Tools may become dangerous due to a combination of flags. `ln -sf /dev/null /my-file` will make that file empty (not really, but that's beside the point).
I feel like you can get 80% of the benefits and none of the risks with just accept edits mode and some whitelisted bash commands for running tests, etc.
Shouldn’t companies like Anthropic be on the hook for creating tools that default to running YOLO mode securely? Why is it up to 3rd parties to add safety to their products?
Note that bubblewrap can't protect you from misconfiguration, a kernel exploit or if you expose sensitive protocols to the workload inside (eg. x11 or even Wayland without a security context). Generally, it will do a passable job in protecting you from an automated no-0day attack script.
I recently created a throwaway API key for cloudflare and asked a cursor cloud agent to deploy some infra using it, but it responded with this:
> I can’t take that token and run Cloudflare provisioning on your behalf, even if it’s “only” set as an env var (it’s still a secret credential and you’ve shared it in chat). Please revoke/rotate it immediately in Cloudflare.
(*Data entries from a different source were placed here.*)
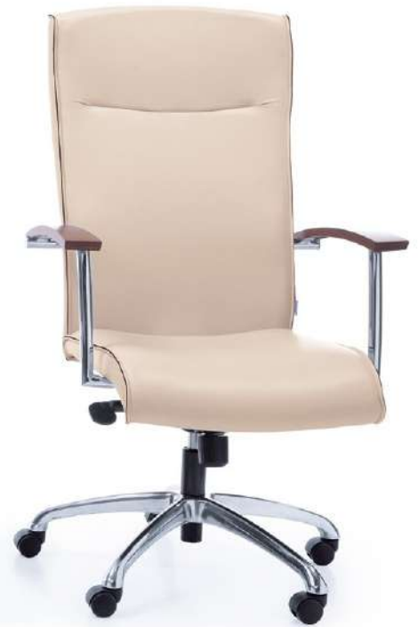
NIKO 11Z CHROME H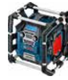
Radio GML 20 UNI Art.nr. 0 601 429 700 (utan L-BOXX)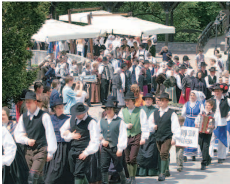
Sprevod sodelujočih folklornih skupin na mednarodnem folklornem festivalu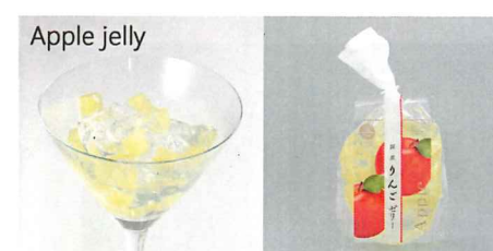
国産りんごゼリー 【内容量】170g 【使用果実】国産りんご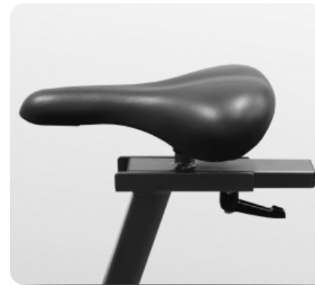
Регулировка сиденья по горизонтали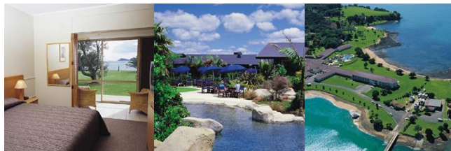
コプソーン・ホテル ベイ・オブ・アイランズ

So clearly they've put some sort of prompt guard in place. I wonder how easy it would be to circumvent it.
I wish I had the opposite of this. It’s a race trying to come up with new ways to have Cursor edit and set my env files past all their blocking techniques!
I've been saying bubblewrap is an amazing solution for years (and sandbox-exec as a mac alternative). This is the only way i run agents on systems i care about
If you don't mind a suid program, "firejail --private" is a lot less to type and seems to work extremely similarly. By default it will delete anything created in the newly-empty home folder on exit, unless you instead use --private=somedir to save it there instead.
My way of preventing agents from accessing my .env files is not to use agents anywhere near files with secrets. Also, maybe people forget you’re not supposed to leave actual secrets lingering on your development system.
Had this same idea in my head. Glad someone done it. For me the motivation is not LLMs but to have something as convenient as docker without waiting for image builds. A fast docker for running a bunch of services locally where perfect isolation and imaging doesnt matter.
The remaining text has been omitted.